This movie was not boring at all. It was fascinating and thrilling from start to finish.

  • How would you encode the input features?

  • What would be the network architecture?

  • Reflect on the limitations of using a feedforward neural network for this task. What aspects of language might it struggle to capture?





It’s possible to use feedforward neural networks for sequence processing but they are not inherently designed to handle sequences because they lack ability to capture temporal dependencies.

  • Reminder: In feed-forward neural networks,

    • all connections flow forward (no loops)

    • each layer of hidden units is fully connected to the next

  • We pass fixed sized vector representation of text (e.g., representation created with CountVectorizer) as input.

  • We lose the temporal aspect of text in this representation.

  • Let’s simplify the presentation of the feed-forward network above.



1.2 RNNs introduction#

  • RNNs are neural network models designed to deal with sequential data.

  • RNNs can help us with the limited memory problem of Markov models.

  • RNNs are a kind of neural network model which use hidden units to retain information over time.

  • Unlike Markov models, this approach does not impose a fixed-length limit on this prior context; the context embodied in the previous hidden layer can include information extending back to the beginning of the sequence.

  • Condition the neural network on all previous time steps.

  • How can a temporal dimension be added to a feedforward neural network?

  • For word representation with a vector of size 4, a single feedforward neural network can be used for prediction.

  • For 2 words, two separate feedforward neural networks can be used together.

  • For 3 words, three separate feedforward neural networks can be used together.

(Credit: Stanford CS224d slides)

How to connect multiple feedforward networks?

  • Make connections between hidden layers.

  • The network typically consists of input, hidden layer, and output.
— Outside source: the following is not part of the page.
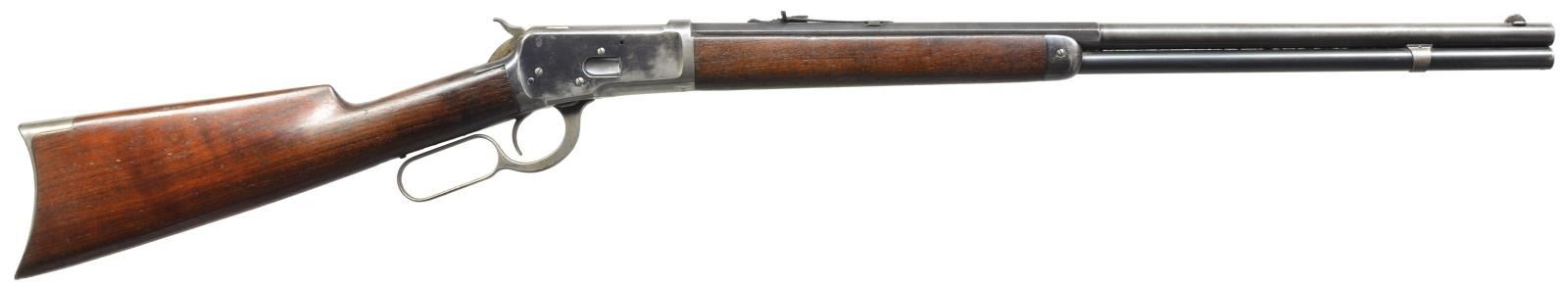 Cal. 38 WCF. S# 443736. Bbl. 24" oct. to rnd. w/ a Lyman No. 4 Hunting ivory bead front sight & original flat top sporting rear sight. Full length mag. Blue finish w/ case colored lever. Bottom of receiver forward of locking lugs has sm. stamped numbers "71", "41" & "21" that may be owner identification marks. Walnut forearm & straight grip stock w/ crescent steel buttplate. 1908 Mfg. CONDITION: bbl. & action retain 70% lightly faded blue showing carry wear. Lever retains traces of case colors. Wood has age darkened appearance w/ worn finish showing dents, scratches & marks. Stock has sm. chips either side of top & bottom tangs. Bore retains strong lightly worn rifling. (20-4196/DS). CURIO. $1,350-1,900.

The hidden layer is connected to itself for recurrent connections.

  • Sequences can be processed by presenting one element at a time to the network.





2. RNN details#

2.1 RNN presentations#

  • Unrolled presentation

  • Recursive presentation

  • The key distinction between non-recurrent and recurrent architectures is the inclusion of a new set of weights connecting the previous hidden layer to the current hidden layer.

  • The hidden layer from the previous time step acts as a form of “memory” that influences decisions made at later time steps.

  • These weights determine how the network incorporates the previous context when computing output for the current input.

RNN as a graphical model

  • RNNs can be visualized as a graphical model. The states below are the hidden layers in each time step.

    • Somewhat similar to hidden Markov models (HMMs)

    • But a hidden state in an RNN is continuous valued, high dimensional, and much richer.

  • Each state is a function of the previous state and the input.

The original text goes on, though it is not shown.